Forever, Interrupted(6)



“Call the county! I want to see a record of it!”

“Elsie, do you have a copy of your marriage certificate that you can show Mrs. Ross?”

I can feel myself shrinking in front of them. I don’t want to shrink. I want to stand tall. I want to be proud, confident. But this is all too much and I don’t have anything to show for myself.

“No, but, Susan—” I say as tears fall down my face. I feel so ugly right now, so small and stupid.

“Stop calling me that!” she screams. “You don’t even know me. Stop calling me by my name!”

“Fine,” I say. My eyes are staring forward, focused on the body in the room. My husband’s body. “Keep all of it,” I say. “I don’t care. We can sit here and scream all day but it doesn’t change anything. So I really don’t give a shit where his wallet goes.”

I put one foot in front of the other and I walk out. I leave my husband’s body there with her. And the minute my feet hit the hallway, the minute Ana has shut the door behind us, I regret walking out. I should have stayed with him until the nurse kicked me out.





Ana pushes me forward.

She puts me in the car. She buckles my seat belt. She drives slowly through town. She parks in my driveway. I don’t remember any of it happening. Suddenly, I am at my front door.
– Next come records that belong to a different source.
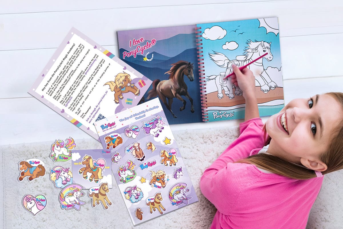 Each page features a different scene with various ponies. Start a new adventure with PonyCycle®!
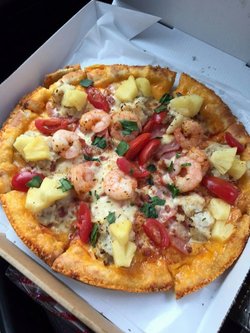 上次吃了以后觉得真的是非常好吃的,吃过最好吃的pizza了,馅料又足,口味又棒,南京目前有两三家吧,这次点的是金牌夏威夷,周边的卷边是芝士加红薯,味道不是很甜,里面的馅料很足,虾仁都是很大一颗,吃起来QQ的,培根也很嫩的,菠萝酸酸的口感,中和了油腻,非常好吃,绝对的赞。…查看更多
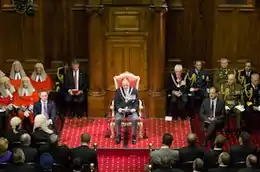 The governor-general summons and dissolves the New Zealand Parliament, acting in the absence of the sovereign.[12] Each parliamentary session begins with the governor-general's summons. The new parliamentary session is marked by the opening of parliament, during which the governor-general delivers the 'Speech from the Throne' in the Legislative Council Chamber, outlining the Government's legislative agenda.[55] Dissolution ends a parliamentary term (which lasts a maximum of three years), and is followed by a general election for all seats in the House of Representatives.[n 3] These powers are almost always exercised on the advice of the prime minister, who also determines the date of an election. The governor-general may theoretically refuse a dissolution, but the circumstances under which such an action would be warranted are unclear.[45] It might be justified if a minority government had served only briefly and another party or coalition seemed likely to have better success in holding the confidence of the House.[n 4]
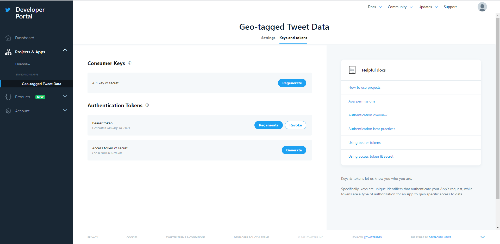 Once you are registered, you could check your own keys and tokens again by click on your app-name which is under your app list. Go to the App Detail of the app you just created. Click on the tab Keys and tokens, and you should be able to see all the keys and tokens required to use the Twitter API.

Stepping into my apartment, I have no idea what time of day it is. I have no idea how long it has been since I sat on the couch like a cavalier bitch whining about cereal in my pajamas. This apartment, the one I have loved since I moved in, the one I considered “ours” when Ben moved in, now betrays me. It hasn’t moved an inch since Ben died. It’s like it doesn’t care.

It didn’t put away his shoes sitting in the middle of the floor. It didn’t fold up the blanket he was using. It didn’t even have the decency to hide his toothbrush from plain view. This apartment is acting like nothing has changed. Everything has changed. I tell the walls he’s gone. “He’s dead. He’s not coming home.” Ana rubs my back and says, “I know, baby. I know.”

She doesn’t know. She could never know. I walk carelessly into my bedroom, hit my shoulder on the door hinge and feel nothing. I get into my side of the bed and I can smell him still. He’s still here in the sheets. I grab his pillow from his side of the bed and I smell it, choking on my own tears. I walk into the kitchen as Ana is getting me a glass of water. I walk right past her with the pillow in my hand and I grab a trash bag, shoving the pillow into it. I tie it tight, knotting the plastic over and over until it breaks off in my hand and falls onto the kitchen floor.

“What are you doing?” she asks me.

“It smells like Ben,” I answer. “I don’t want the smell to evaporate. I want to save it.”

“I don’t know if that’s going to work,” she says delicately.

“Fuck you,” I say and go back to the bed.

I start crying the minute I hit my pillow. I hate what this has made me. I’ve never told anyone to f*ck off before, least of all Ana.

Ana has been my best friend since I was seventeen years old. We met the first day of college in line at the dining hall. I didn’t have anyone to sit with and she was already trying to avoid a boy. It was a telling moment for each of us. When she decided to move to Los Angeles to be an actress, I came with her. Not because I had any affinity for Los Angeles, I had never been here, but because I had such a strong affinity for her. Ana had said to me, “C’mon, you can be a librarian anywhere.” And she was absolutely right.

Here we were, nine years after meeting, her watching me like I’m going to slit my wrists. If I had a better grip on my senses, I’d say this is the real meat of friendship, but I don’t care about that right now. I don’t care about anything.

Ana comes in with two pills and a glass of water. “I found these in your medicine cabinet,” she says. I look in her hand and I recognize them. It’s Vicodin from when Ben had a back spasm last month. He barely took any of them. I think he thought taking them made him a wimp.

I take them out of her hand without questioning and I swallow them. “Thank you,” I say. She tucks the duvet around me and goes to sleep on the couch. I’m glad she doesn’t try to sleep in bed with me. I don’t want her to take away his smell. My eyes are parched from crying, my limbs weak, but my brain needs the Vicodin to pass out. I shuffle over to Ben’s side of the bed as I get groggy and fall asleep. “I love you,” I say, and for the first time, there’s no one to hear it.





I wake up feeling hungover. I reach over to grab Ben’s hand as I do every morning, and his side of the bed is empty. For a minute I think he must be in the bathroom or making breakfast and then I remember. My devastation returns, this time duller but thicker, coating my body like a blanket, sinking my heart like a stone.

I pull my hands to my face and try to wipe away the tears, but they are flowing out of me too fast to catch up. It’s like a Whac-A-Mole of misery.

Ana comes in with a dish towel in her hands, drying them.

“You’re up,” she says, surprised.

“How observant.” Why am I being so mean? I’m not a mean person. This isn’t who I am.

“Susan called.” She is ignoring my outbursts, and for that, I am thankful.